Treatment of hypertension dramatically reduces the risk of a cardiovascular and microvascular event in patients with diabetes, in fact, hypertension is common in diabetic patients, even when renal involvement is not present (Zelmanovitz 2005). About 40 percent of type 1 and 70 percent of type 2 diabetic patients with normoalbuminuria have blood pressure levels > 140/90 mmHg (Zelmanovitz 2005). In the UKPDS, a reduction from 154 to 144 mmHg on systolic blood pressure reduced the risk for the development of microalbuminuria by 29 percent (Zelmanovitz 2005). Blood pressure targets for patients with diabetes are lower, 130/80 mmHg, than those for patients without diabetes (Zelmanovitz 2005). In the Hypertension Optimal Treatment (HOT) study, a reduction of diastolic blood pressure from 85 to 81 mmHg resulted in a 50 percent reduction in the risk of cardiovascular events in diabetic but no nondiabetic patients (Zelmanovitz 2005).
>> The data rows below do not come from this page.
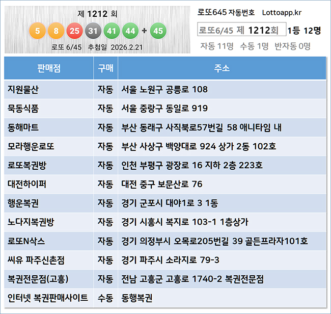 아울러 1212회 1등·2등 당첨지역과 판매점 정보, 그리고 로또645 앱을 활용한 효과적인 번호 생성 방법까지 빠짐없이 정리했으니, 이번주 로또 구매 전 끝까지 읽어보시고 전략 수립에 참고하시기 바랍니다.
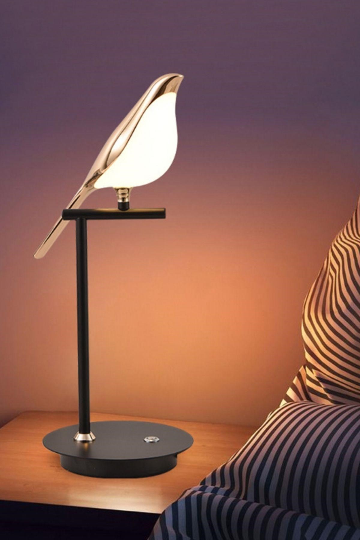 BUFFER® Saksağan Kuş Modeli Tekli Dokunmatik Aydınlatma Masa Üstü Gece Lambası Göz Korumalı Abajur
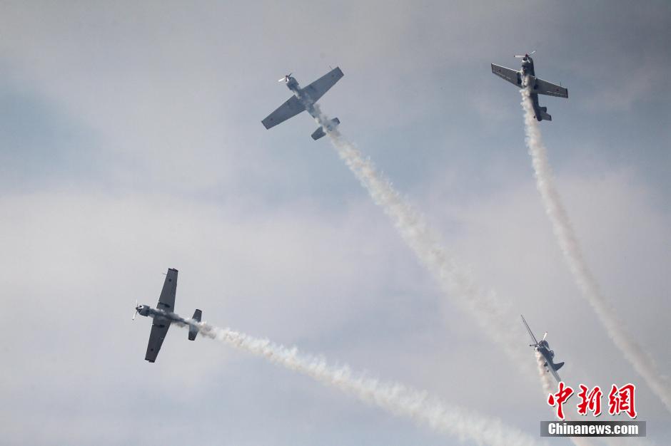 9月24日,河南鄭州上街機(jī)場(chǎng),參加2015鄭州航展的特技飛行員們,穿云破霧在加緊練習(xí)表演動(dòng)作,沖刺9月25日開(kāi)幕的鄭州航展。中新社記者 王中舉 攝
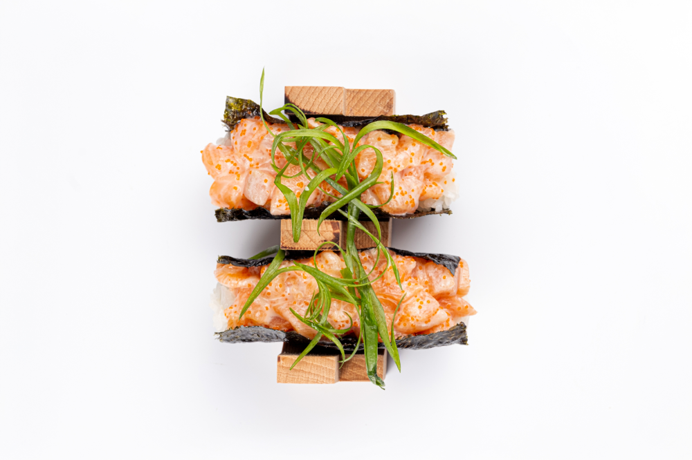 Открытый ролл с лососем в ароматном цитрусовом соусе — сочное сочетание свежести, яркости и легкости в стильной подаче (1 порция = 2 шт )
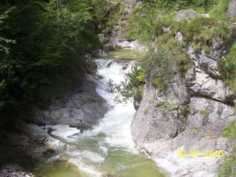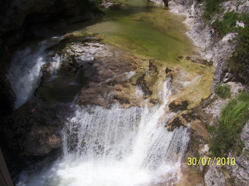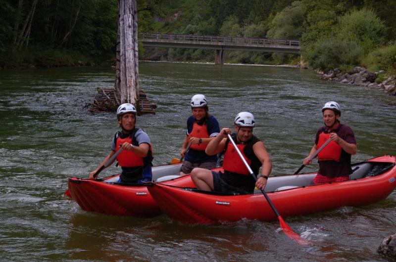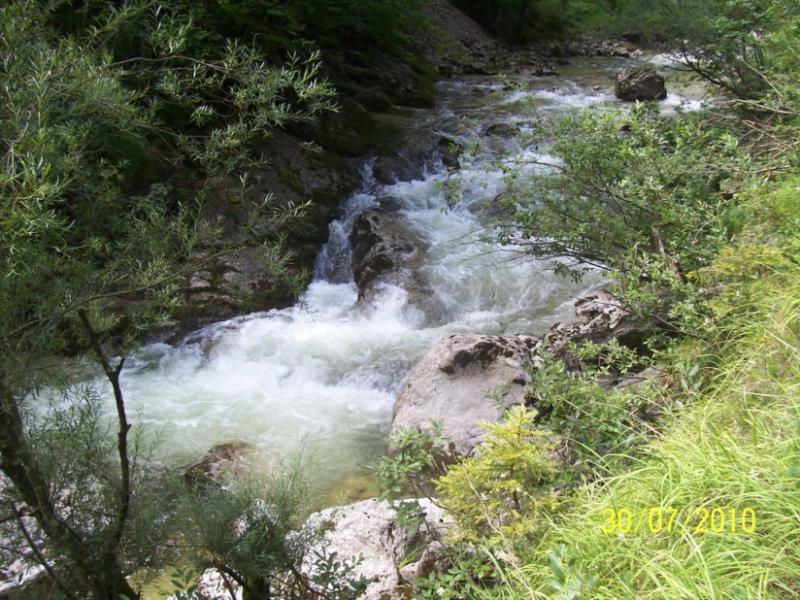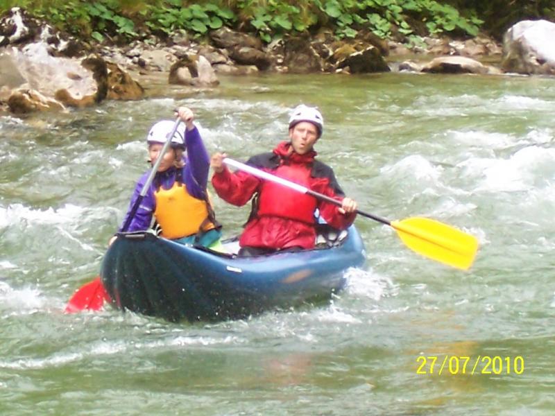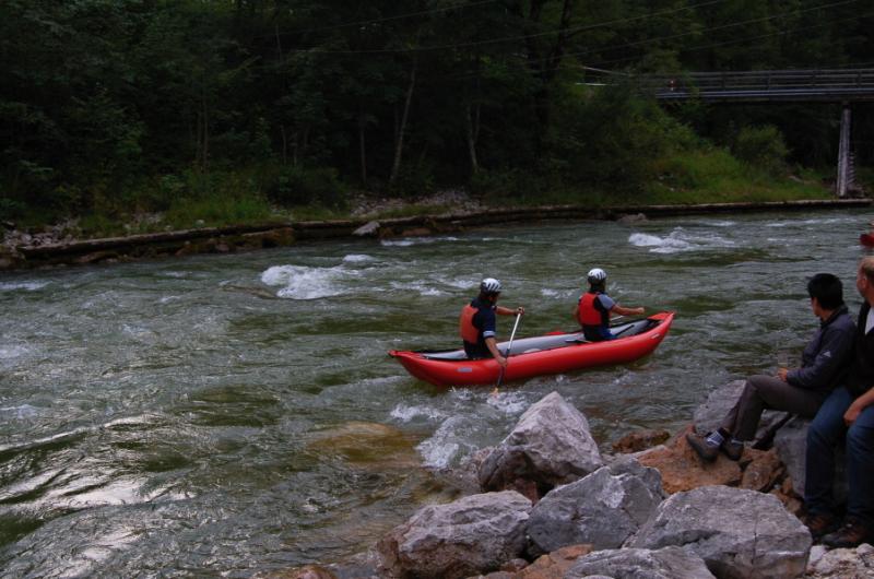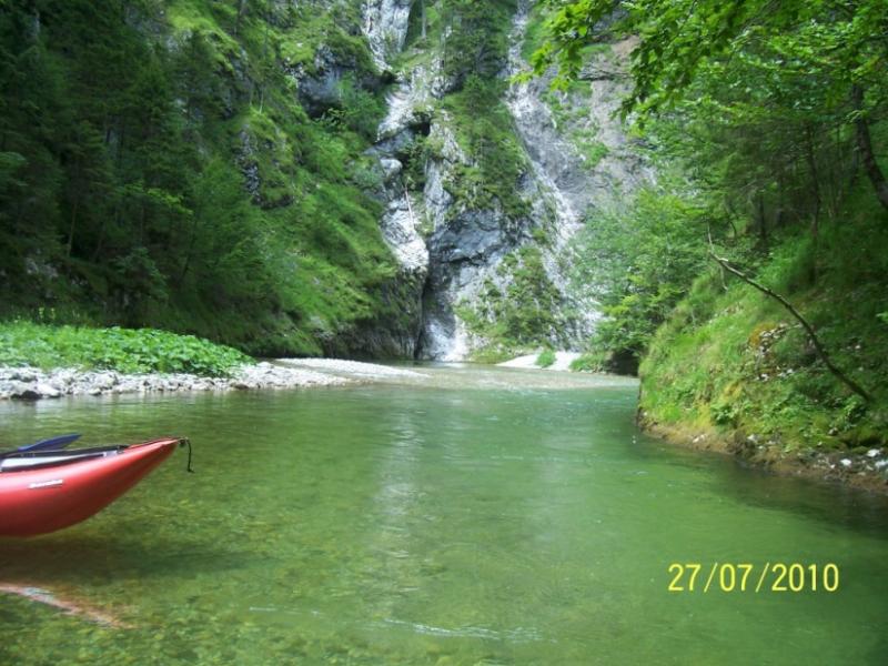 Středa, předposlední den. I kvůli počasí jsme v tento den volili zase vodu. To jsme však ani trochu ráno netušili, že stihneme i kola a jako bonus výšlap k nedalekému vodopádu. Ale vraťme se na začátek. Nalodíme se hned v kempu a po několika málo desítek metrů začíná pěkná jízda. Makat musí oba, háček i zadák, Projíždíme peřejkami, do toho hned pořádné peřeje až si člověk občas říká, kdy už to skončí a je rád za kousek klidné vody :-) Většina z účastníků brzy ráno běží do půjčovny pro neopren, a jak jsou rádi. Téměř každá loď po projetí náročnějších úseků nabírá nějakou tu vodu. Ponaučeni si necháváme mezi posádkami větší rozestupy. To když se jedna "cvakne" o kámen a druhá s úmyslu se vyhnout skončí s otočenou lodí nad hlavami. A přece se někdo " vyklopil" a jak se na to náš vodácký instruktor těšil a nikdo mu nevěřil :-) Mokří, v neoprenu či bez něj, ale také pěkně znaveni, protože sjezd Salzy není procházka růžovým sadem, si užíváme plavbu a kocháme se okolním prostředním. Jsme v cíli, balíme vybavení a nasedáme opět do auta, které nás převáží zpět do kempu. Čas máme dobrý a tak neleníme a přesedáme do sedla kol.
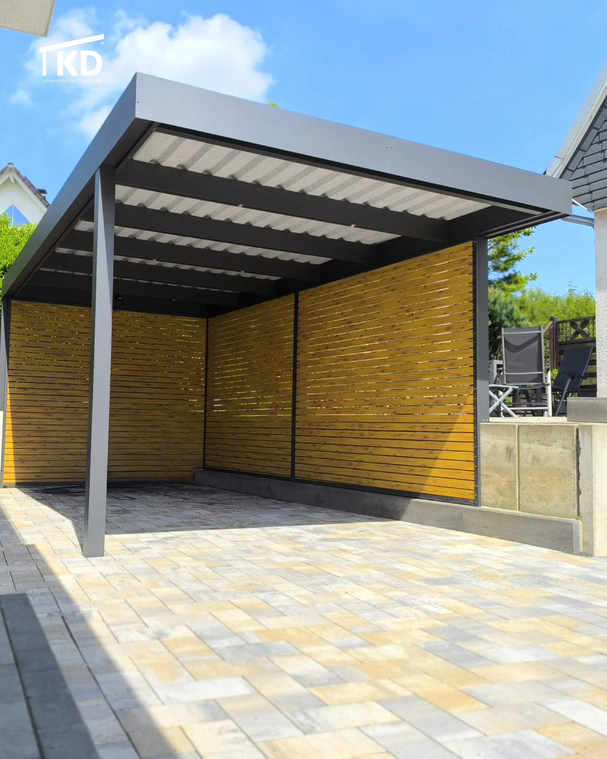 Mit der optionalen HPL-Verkleidung für das KD Carport Cube schaffen Sie eine moderne und ästhetische Optik von unten. Diese Verkleidung verdeckt die Eindeckung und verleiht Ihrem Carport ein elegantes, glattes Erscheinungsbild. Ideal für diejenigen, die Wert auf ein minimalistisches Design und eine hochwertige Ästhetik legen. Robust und pflegeleicht, sorgt die HPL-Verkleidung nicht nur für einen optischen Mehrwert, sondern auch für eine langlebige, widerstandsfähige Lösung.
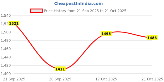 The current price is ₹1,486, which is ₹75 (5.3%) higher than the best price of ₹1,411 last seen on 28 Sep 2025. Over the 30 day price history period, prices have ranged from ₹1,411 to ₹1,521, with an average of ₹1,479. The pricing has been quite stable with low volatility, with prices remaining relatively stable overall. In terms of recent activity, there have been 0 price changes this week, 2 this month, and 3 over the past year. If you need this product now, it's a reasonable time to buy as prices are stable, but you might want to monitor for potential better deals.
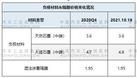相对而言,隔膜价格相对平稳,负极材料价格变动也较小。
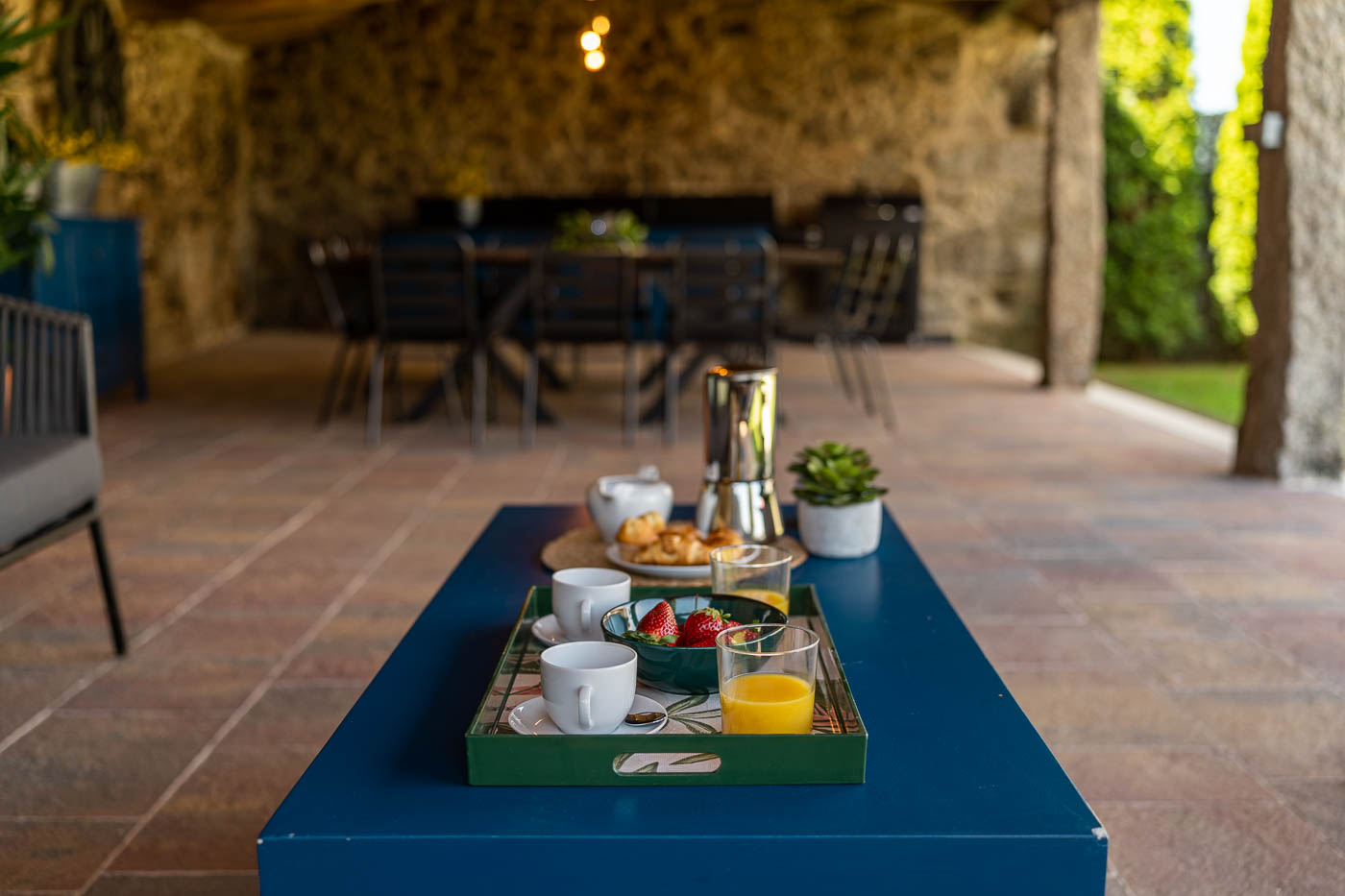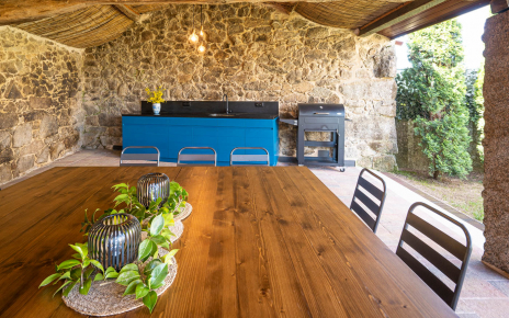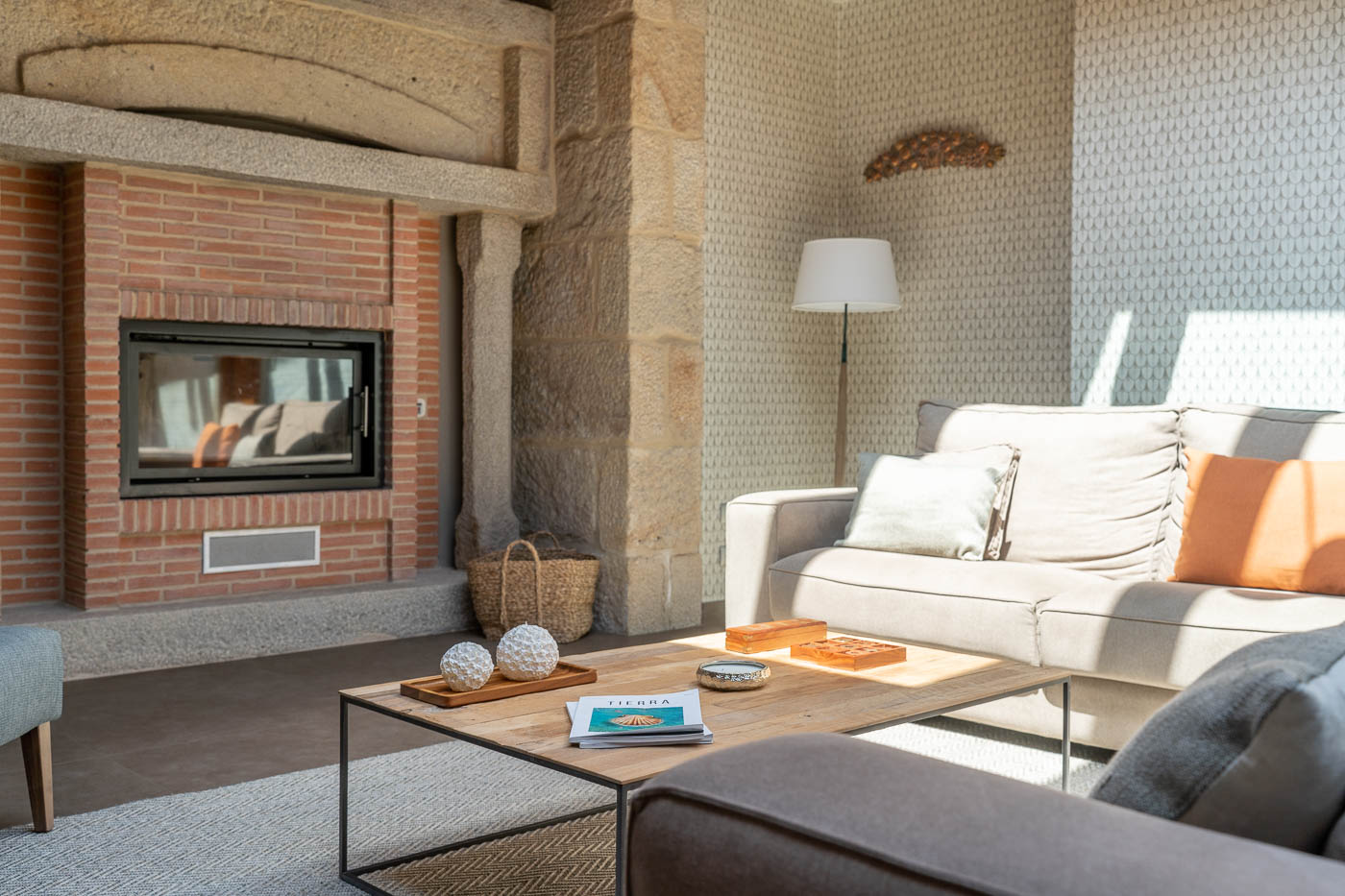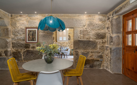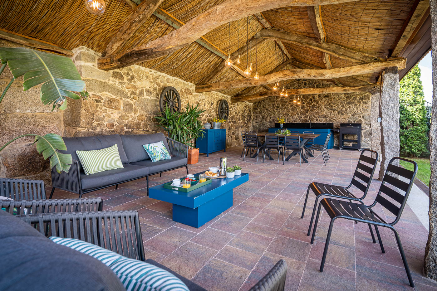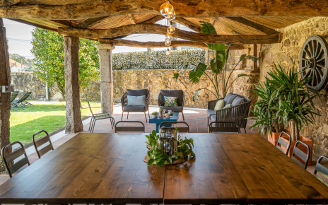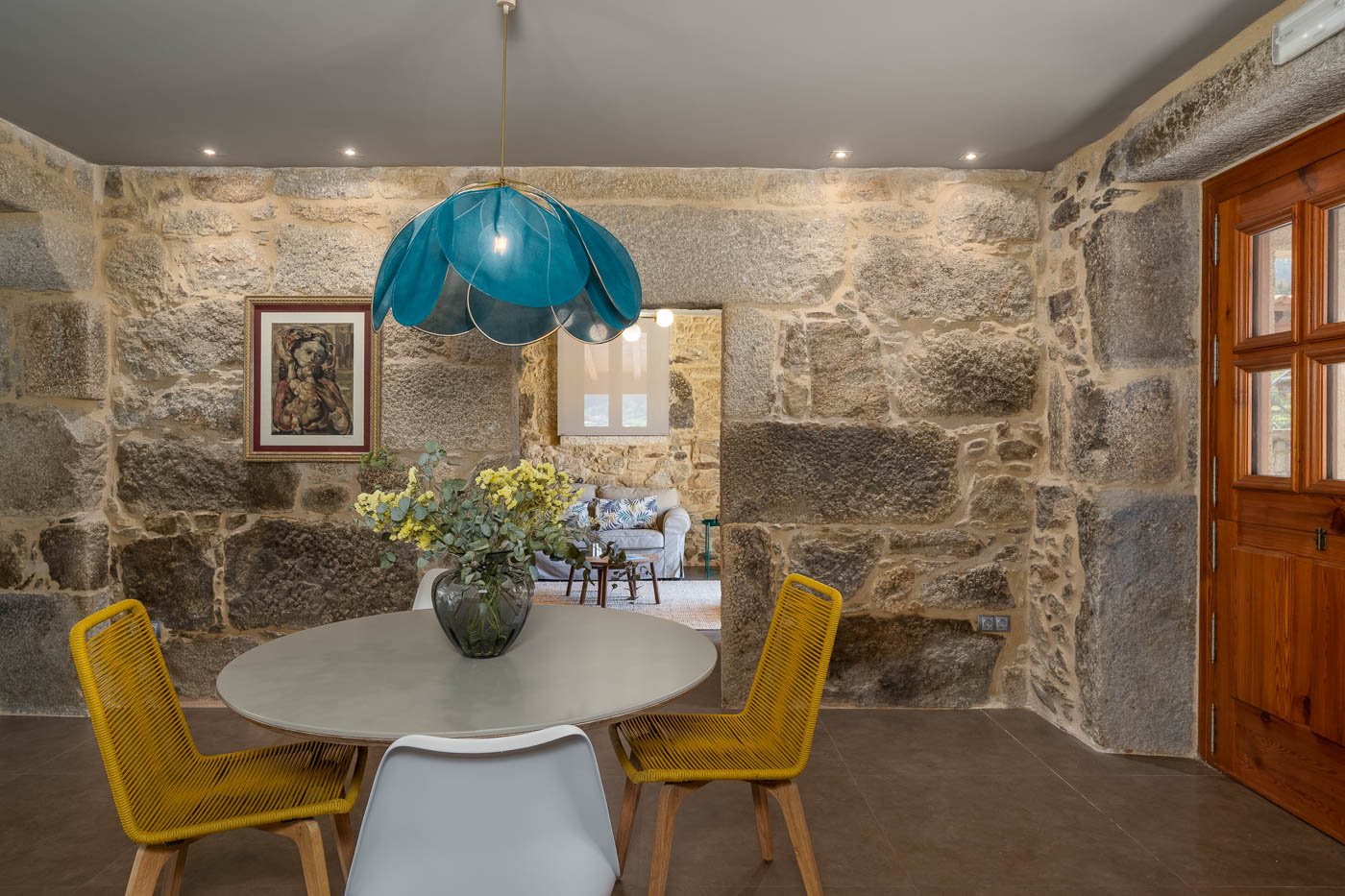 Es precisamente la amplitud de los espacios interiores lo que más nos llamó la atención en nuestra visita a esta casa tradicional de piedra gallega. El elegante salón que cuenta con techo acristalado es un espacio alegre y acogedor. El porche exterior con mobiliario y zona de relax tampoco desmerece mencionarse como un espacio irresistible para disfrutar en familia o con amigos.

The role of ACE inhibitors in the prevention of diabetic nephropathy in patients with type 1 diabetes has not been defined (Zelmanovitz 2005). The use of perindopril during 3 years in normotensive normoalbuminuric type 1 diabetic patients delayed the increase in albuminuria, and in patients with type 2 diabetes, ACE inhibitors and ARBs both diminish the risk for diabetic nephropathy and reduce the occurrence of cardiovascular events (Zelmanovitz 2005). In the MICRO-HOPE (Heart Outcomes Prevention Evaluation) study,10 mg/day of ramipril decreased the risk of overt nephropathy by 24 percent and the risk of cardiovascular heath in patients with type 2 diabetes who were 55 years of age with one additional cardiovascular risk factor by 37 percent (Zelmanovitz 2005).
Ramipril also reduced UAE at 1 year and at the end of the study (Zelmanovitz 2005).
In microalbuminuric type 1 and type 2 diabetic patients, numerous studies have shown that treatment of hypertension, irrespective of the agent used, produced a beneficial effect on albuminuria (Zelmanovitz 2005). Renin-angiotensin system (RAS) blockade with ACE inhibitors or ARBs confers an additional benefit on renal function, this effect is independent of blood pressure reduction and may be related to decreased intraglomerular pressure and passage of proteins into the proximal tubule (Zelmanovitz 2005).